Culhane’s nonprofit, Solar CITIES, has installed biogas digesters from Brazil to the Philippines, with Cairo and Baghdad in between. (See related, “Iraq’s Green Zone Gets Greener With Biogas,” and “Cairo Slums Get Energy Makeover.”)
Recently, Culhane has been working closer to home. An email reached him at a New Jersey port where he and colleagues were taking delivery of biogas digester parts from the Chinese firm, Puxin. They packed them into a “rickety cow trailer” and drove them to a family farm west of Philadelphia, where they’re launching a holiday drive to install food-waste-to-fuel tech in homes and communities. (Here’s a longish video on what they’re up to:)

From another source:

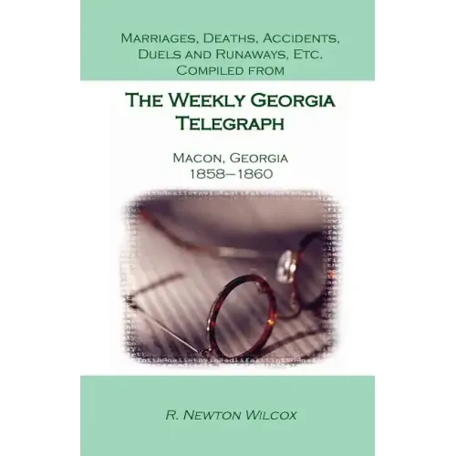 Newspaper abstracts are an excellent resource for genealogists and historians. In addition to the abundance of names and relationships, news articles tell us a lot about the customs, lifestyles, and priorities during this fascinating period-not just in Macon, Georgia, but in our county as a whole. This volume includes abstracts of articles gleaned from issues of The Weekly Georgia Telegraph from Jan. 5, 1858 to Dec. 11, 1860. Marriage notices with the names of those involved; death notices with varying amounts of biographical information; plus accounts of accidents, duels and other interesting tidbits of local concern really bring this community to life. Articles on "runaways" offer detailed physical descriptions of the missing slave and the full name of his/her owner. News of national note, and numerous articles from around the nation are included. All names are set in uppercase within the text, and a fullname index is included to facilitate research.
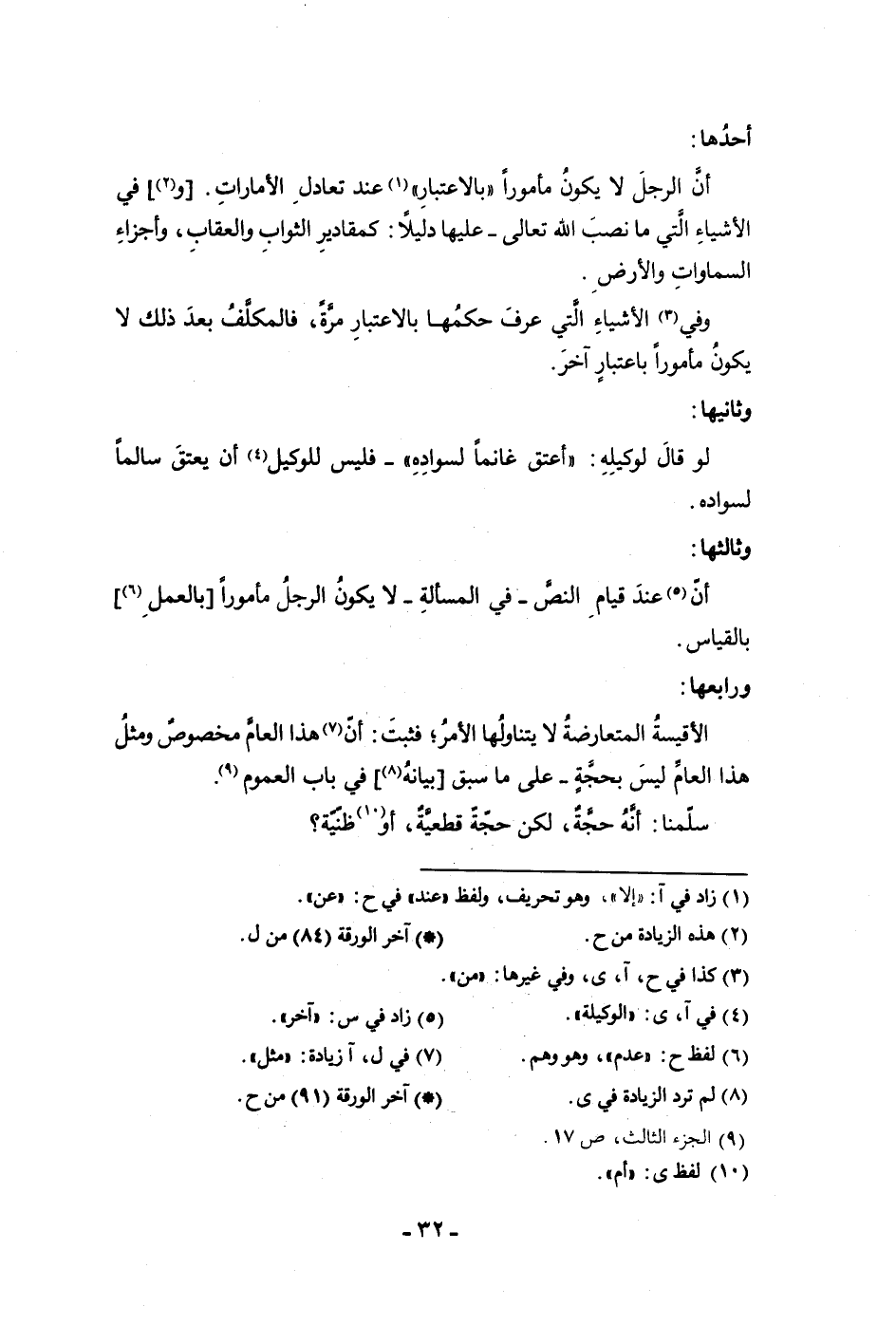 أحدهما أن الرجل لا يكون مأمورا بالاعتبار عند تعادل الأمارات وفي الأشياء التي ما نصب الله تعالى عليها دليلا كمقادير الثواب والعقاب وأجزاء السماوات والأرض وفي الأشياء التي عرف حكمها بالاعتبار مرة فالمكلف بعد ذلك لا يكون مأمورا بأعتبار آخر وثانيها لو قال لوكيله أعتق غانما لسواده فليس للوكيل أن يعتق سالما لسواده وثالثها أن عند قيام النص في المسألة لا يكون الرجل مأمورا بالعمل بالقياس ورابعها الأقيسة المتعارضة لا يتناولها الأمر فثبت أن هذا العام مخصوص ومثل هذا العام ليس بحجة على ما سبق بيانه في باب العموم سلمنا أنه حجة لكن حجة قطعية أو ظنية

Culhane said those eager to try small biogas systems include environmentalists, homesteaders, members of Pennsylvania’s simple-living Amish religious fellowship, Native American reservations, and “preppers.” (See related National Geographic Channel show, “Doomsday Preppers.”)
Devastating power outages after 2012’s Hurricane Sandy inspired Culhane and his environmental science students at Mercy College, just north of New York City, to work on home biogas systems for disaster preparedness. (See related, “Can Hurricane Sandy Shed Light on Curbing Power Outages?” and “After Hurricane Sandy, Need for Backup Power Hits Home.”) He and the students cooked “bacon from biogas” at events for prospective students to prove the system’s utility.
And Culhane and colleagues have installed an even more complex test system in the basement of the Hudson River-valley home of feminist-environmentalist Abby Rockefeller. (Great-granddaughter of Standard Oil founder John D. Rockefeller, she is a composting pioneer and her son, Chris Lindstrom, works on Culhane’s team.)
Since biogas cuts food waste, landfill emissions of the potent greenhouse gas methane, and provides home-grown local renewable energy, it seems crazy we don’t use it more often. But in one of the realities that can be depressing to anyone who spends time studying climate change and potential solutions, spending extra time and money on biogas doesn’t seem to make economic sense for most cities and governments as long as they can rely on cheap fossil fuel and landfilling of waste.
That gets me thinking of how much more we could be doing if we had a carbon tax or some other price on dirty fuel and waste, which becomes even more depressing, given the dim prospects in Congress or the international realm for doing anything to hike the price of the fossil fuels that still power our economic engines.
But Culhane says he and his colleagues are undaunted. They’ve “hacked” ways of making biogas garbage-to-energy systems more economical, even when competing against cheap and more abundant U.S. fossil fuel.
Their most exciting innovation is the use of the liquid bioslurry that the biogas system produces as a by-product. They use it as a compost tea, a liquid fertilizer for our vertical hydroponic tower gardens.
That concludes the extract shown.